Find maximum length of consecutive zeros in each row

My goal is to find the maximum length of consecutive zeros in each row. So for instance, if I have a tensor like

input = torch.tensor([
    [0, 1, 0, 0, 0, 1],
    [0, 0, 1, 0, 1, 0],
    [1, 0, 0, 0, 0, 0]
])

I expect to get the result

tensor([3, 2, 5])

I’ve done this using numpy (listed below assuming “input” is a numpy binary matrix) and it tends to be very efficient, but I cannot seem to find a way using tensors that is at least as efficient. I’ve tried to follow a similar logic using torch operations but the performance is always worse.
Thanks!

# Pad the matrix with ones
padded_matrix = np.pad(input, ((0, 0), (1, 1)), constant_values=1)

# Compute differences
diffs = np.diff(padded_matrix, axis=1)

# Identify start and end of zero runs
start_indices = np.where(diffs == -1)
end_indices = np.where(diffs == 1)

# Compute lengths of zero runs
run_lengths = end_indices[1] - start_indices[1]

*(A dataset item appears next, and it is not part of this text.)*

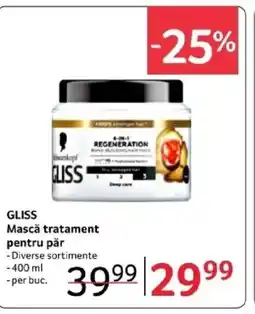 | 2 | GLISS Mască tratament pentru păr 400 ML | Selgros | 39,99 RON | 29,99 RON | -25% | 06 februarie 2026 | 19 februarie 2026 | Vezi oferta | |

# Create a result array initialized with zeros
max_zeros = np.zeros(binaryGrid.shape[0], dtype=int)

# Use np.maximum.at to find the maximum run length for each row
np.maximum.at(max_zeros, start_indices[0], run_lengths)

When you talk about efficiency what do you mean? Time? Accuracy?
I tried this with torch and it worked:

import torch

def max_consecutive_zeros(input_tensor):
    # Pad the tensor with ones on both sides
    padded = torch.nn.functional.pad(input_tensor, (1, 1), value=1)
    
    # Compute differences along the columns
    diffs = torch.diff(padded, dim=1)
    
    # Find where zero sequences start (-1) and end (1)
    start_mask = (diffs == -1)
    end_mask = (diffs == 1)
    
    # Get row and column indices of starts and ends
    start_rows, start_cols = torch.where(start_mask)
    end_rows, end_cols = torch.where(end_mask)
    
    # Compute run lengths
    run_lengths = end_cols - start_cols
    
    # Initialize max_zeros and update manually
    max_zeros = torch.zeros(input_tensor.shape[0], dtype=torch.long)
    for row, length in zip(start_rows, run_lengths):
        max_zeros[row] = max(max_zeros[row], length)
    
    return max_zeros

input_tensor = torch.tensor([
    [0, 1, 0, 0, 0, 1],
    [0, 0, 1, 0, 1, 0],
    [1, 0, 0, 0, 0, 0]
])

result = max_consecutive_zeros(input_tensor)
print(result)  # Should output: tensor([3, 2, 5])

Hi Paulo!

If you use cumsum() to “count” the lengths of the sums, you can avoid using
torch.where() and the need for a loop to construct the result tensor.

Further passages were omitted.